WHAT YOU NEED TO DO:
Produce a verbatim transcript of the entries below, excluding pictures.

::: RECORDED DATA :::

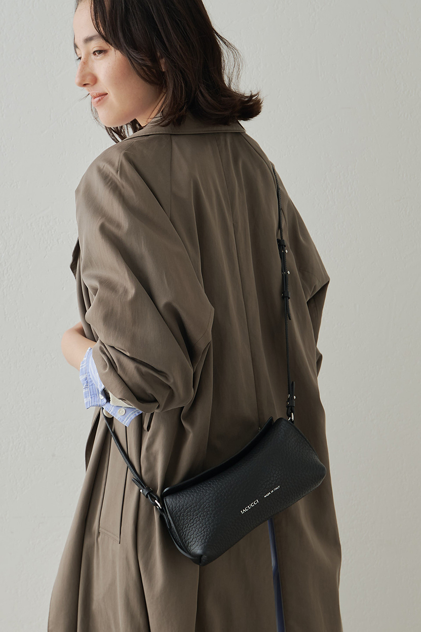 ブラックは色の中でも、”合わせやすさ”、”使いやすさ”は群をぬいているのではないでしょうか。ただそんな色だからこそ、周りとちょっと違いをつけて個性を忘れたくない。「色に利便性があるのなら、シルエットや素材にはこだわって、いつもと”違う”を選んでも活躍してくれるのでは。」
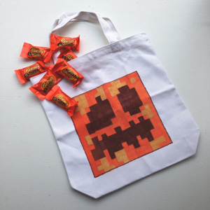 I‘ll bet you probably know at least one person among your family and friends who’s a fan of Minecraft. I definitely do! My friends love to show off their fascination with the block-building video game with personalized accessories for home and the office. When thinking about fun things to make for Halloween, I thought of the Minecraft pumpkin. When you look at it for a while, its grid-like face translates easily into a color-by-number-like design. This week, we’ll turn a plain tote into a treat-ready bag with our pumpkin color block grid.
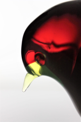 Seguso Vetri d’Arte, pair of very large and heavy birds c. 1960s. Made of solid uranium glass body overlaid with submerged layer in ruby red tinted glass, in so called “sommerso-technique”. Free formed and hand polished.
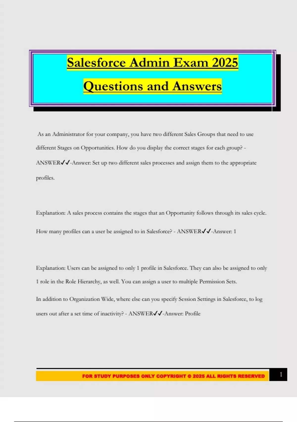 FOR STUDY PURPOSES ONLY COPYRIGHT © 2025 ALL RIGHTS RESERVED 1
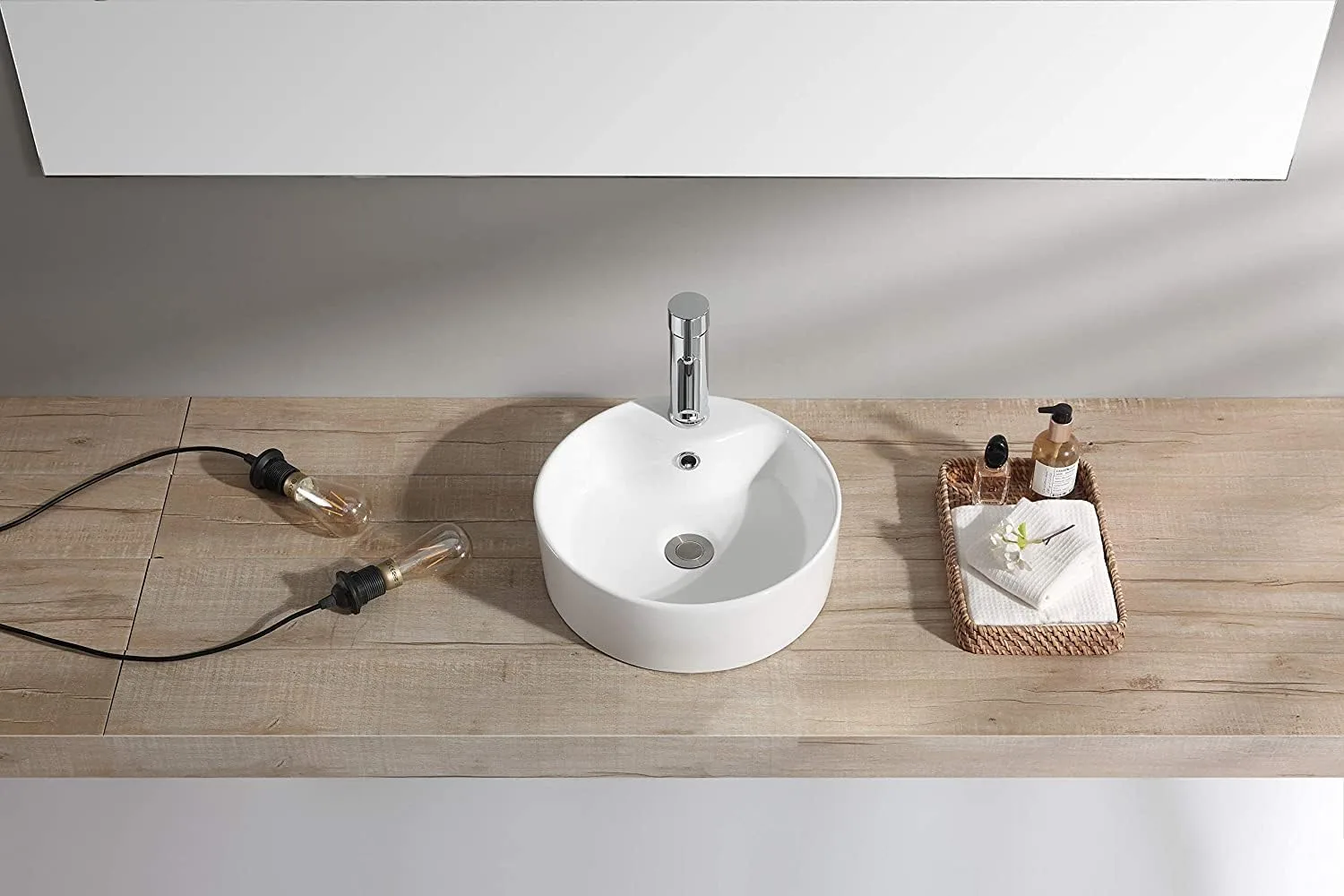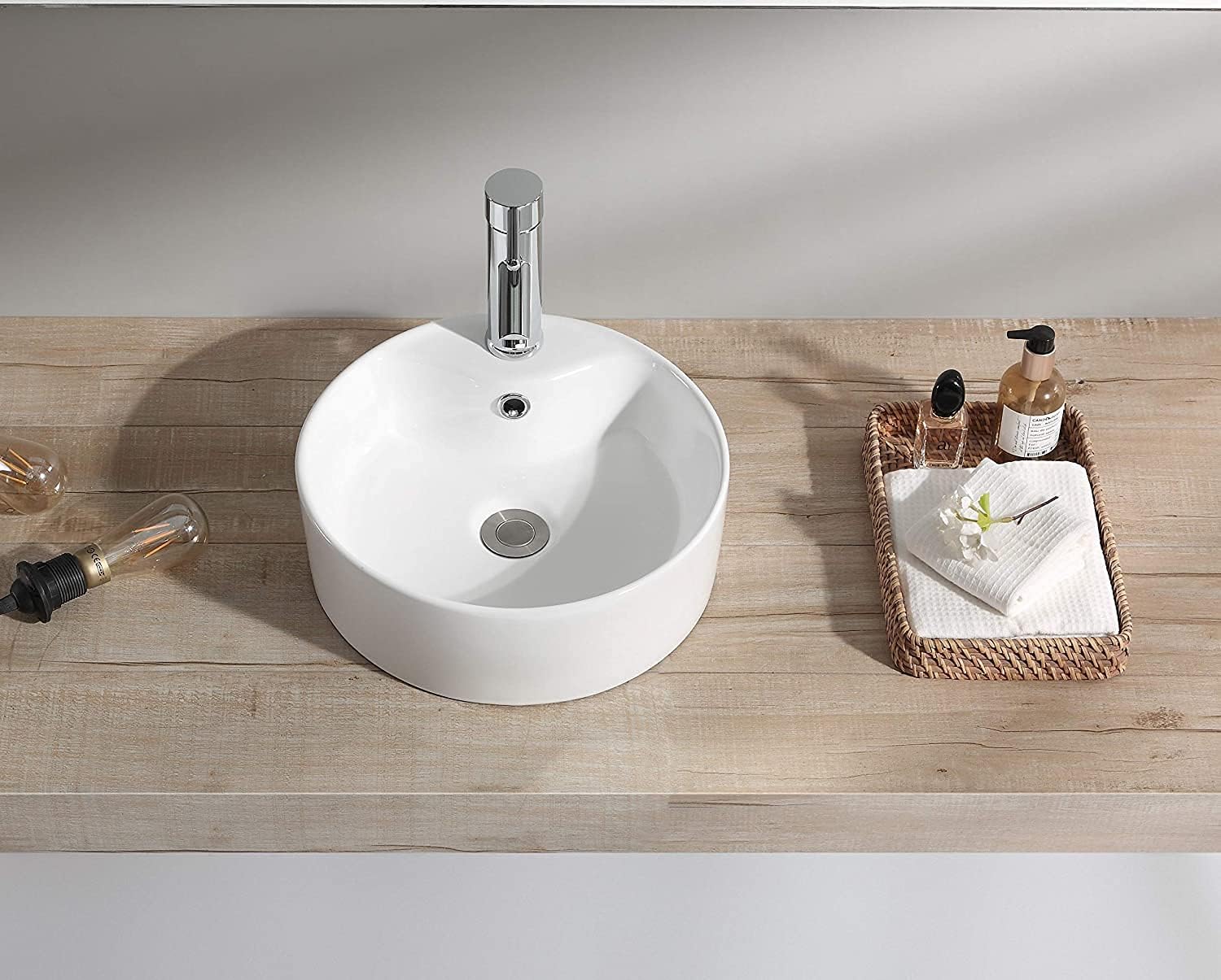 - CONVENIENT VERSATILITY. Countertop basin with a simple and elegant design, the minimalist style ceramic basin has a bright white luster that can embellish your bathroom. The vessel style features a symmetrical and deep basin, which is perfect for a home, hotel, restaurant, etc.

:::

YOUR RESPONSE:
 ブラックは色の中でも、”合わせやすさ”、”使いやすさ”は群をぬいているのではないでしょうか。ただそんな色だからこそ、周りとちょっと違いをつけて個性を忘れたくない。「色に利便性があるのなら、シルエットや素材にはこだわって、いつもと”違う”を選んでも活躍してくれるのでは。」
 I‘ll bet you probably know at least one person among your family and friends who’s a fan of Minecraft. I definitely do! My friends love to show off their fascination with the block-building video game with personalized accessories for home and the office. When thinking about fun things to make for Halloween, I thought of the Minecraft pumpkin. When you look at it for a while, its grid-like face translates easily into a color-by-number-like design. This week, we’ll turn a plain tote into a treat-ready bag with our pumpkin color block grid.
 Seguso Vetri d’Arte, pair of very large and heavy birds c. 1960s. Made of solid uranium glass body overlaid with submerged layer in ruby red tinted glass, in so called “sommerso-technique”. Free formed and hand polished.
 FOR STUDY PURPOSES ONLY COPYRIGHT © 2025 ALL RIGHTS RESERVED 1
 - CONVENIENT VERSATILITY. Countertop basin with a simple and elegant design, the minimalist style ceramic basin has a bright white luster that can embellish your bathroom. The vessel style features a symmetrical and deep basin, which is perfect for a home, hotel, restaurant, etc.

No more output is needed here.